(Available data):
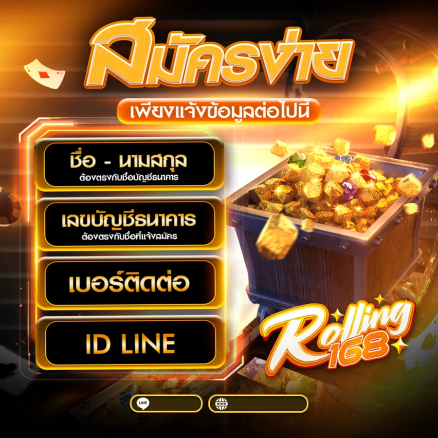 การสมัครสมาชิกกับ Rolling168 นั้นง่ายมาก ๆ เพียงแค่เข้าไปที่หน้าเว็บไซต์หลัก จากนั้นคลิกที่ปุ่ม "สมัครสมาชิก" ที่อยู่มุมขวาบนของหน้าเว็บ ระบบจะพาคุณไปยังหน้าฟอร์มสมัครสมาชิก ซึ่งคุณจะต้องกรอกข้อมูลส่วนตัวพื้นฐาน เช่น ชื่อ-นามสกุล เบอร์โทรศัพท์ บัญชีธนาคาร และอีเมล โดยข้อมูลทั้งหมดจะถูกเก็บเป็นความลับอย่างปลอดภัย
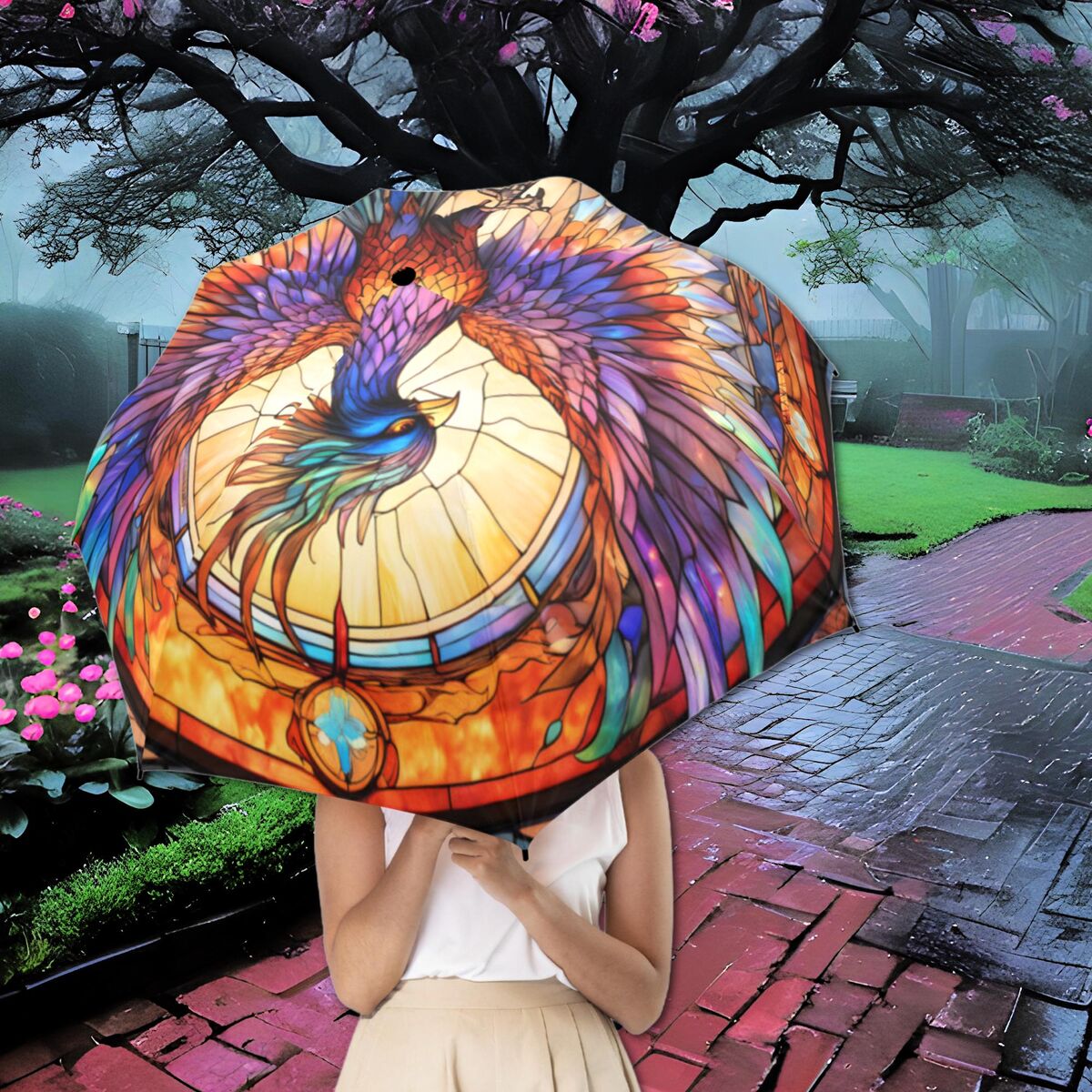 This Umbrella is inspired by the myth of the phoenix, adding a touch of elegance to your rainy days. The semi-automatic design makes it easy to open and close, while the waterproof material ensures you stay dry in style.
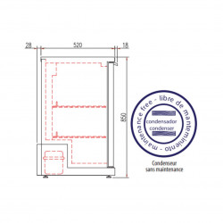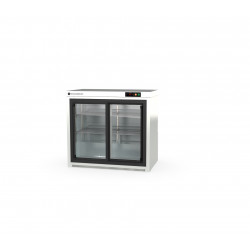 Arrière bar - Température +2°/+8°C - 2 portes vitrées coulissantes(double vitrage) - Stockage : 275 bouteilles (33cl) - Capacité : 200l - Extérieur inox - Intérieur en acier plastifié gris - Eclairage intérieur LED - Thermostat électronique avec afficheur digital, spécial économie d'énergie, protégé des projections - Evaporation automatique des eaux de dégivrage - Livré sur tampons réglables - Livré avec 2 clayettes rilsan réglables en hauteur - Compresseur : 1/5cv - Alarme haute et basse température sur contrôleur digital

(What the task asks):
Repeat the data word for word, excluding any image.

(Answer box):
 การสมัครสมาชิกกับ Rolling168 นั้นง่ายมาก ๆ เพียงแค่เข้าไปที่หน้าเว็บไซต์หลัก จากนั้นคลิกที่ปุ่ม "สมัครสมาชิก" ที่อยู่มุมขวาบนของหน้าเว็บ ระบบจะพาคุณไปยังหน้าฟอร์มสมัครสมาชิก ซึ่งคุณจะต้องกรอกข้อมูลส่วนตัวพื้นฐาน เช่น ชื่อ-นามสกุล เบอร์โทรศัพท์ บัญชีธนาคาร และอีเมล โดยข้อมูลทั้งหมดจะถูกเก็บเป็นความลับอย่างปลอดภัย
 This Umbrella is inspired by the myth of the phoenix, adding a touch of elegance to your rainy days. The semi-automatic design makes it easy to open and close, while the waterproof material ensures you stay dry in style.
 Arrière bar - Température +2°/+8°C - 2 portes vitrées coulissantes(double vitrage) - Stockage : 275 bouteilles (33cl) - Capacité : 200l - Extérieur inox - Intérieur en acier plastifié gris - Eclairage intérieur LED - Thermostat électronique avec afficheur digital, spécial économie d'énergie, protégé des projections - Evaporation automatique des eaux de dégivrage - Livré sur tampons réglables - Livré avec 2 clayettes rilsan réglables en hauteur - Compresseur : 1/5cv - Alarme haute et basse température sur contrôleur digital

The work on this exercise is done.